If you want to execute a specific command with input given to you from an untrusted source, you should not give that text as-is to a shell:

let userInput = "push origin main"

callCommand $ "git " <> userInput
-- Forward output of the push command...

You may be tempted to do this because you want to correctly handle quoting and other notoriously-difficult word-splitting problems. But doing so is a severe security vulnerability:

let userInput = "push origin main; cat /etc/passwd"

callCommand $ "git " <> userInput
-- Forward output of the push command...
-- And then dump /etc/passwd. Oops.

Furthermore, any attempts to sanitize the string are unlikely to be 100% affective and should be avoided. The only safe way to do this is to not use a shell intermediary, and always exec a process directly:

let userInput = "push origin main"

callProcess "git" $ words userInput
-- Forward output of the push command...

Now, there's no vulnerability:

let userInput = "push origin main; cat /etc/passwd"

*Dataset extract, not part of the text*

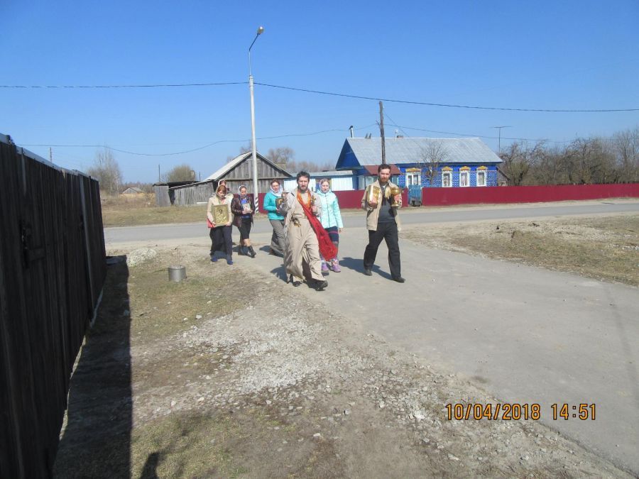 В каждом доме, где принимали, участников Крестного хода встречали с хлебом и солью. Далее все проходили в специально убранную комнату, торжественно читалось Пасхальное Евангелие и весь дом окроплялся святой водой.

callProcess "git" $ words userInput
-- Invalid usage. :)

The new problem (but not a security-related one!) is how to correctly parse a string like "push origin main" into command arguments. The rules are complex enough that you probably want to get a library to do it.

So here we are.

Example

Right args <- parse "some -complex --command=\"Line And\" 'More'"

callProcess cmd args
--
-- Is equivalent to:
--
-- > callProcess cmd ["some", "-complex", "--command=Line And", "More"]
--

Unsafe Usage

The following is a perfectly reasonable thing one might do with this library:

Right (cmd:args) <- parse userInput

callProcess cmd args

However, if:

  1. userInput is un-trusted, and
  2. You do no further validation of what cmd can be,

Then this re-introduces the original security vulnerability and, at that point, you might as well just pass userInput to a shell.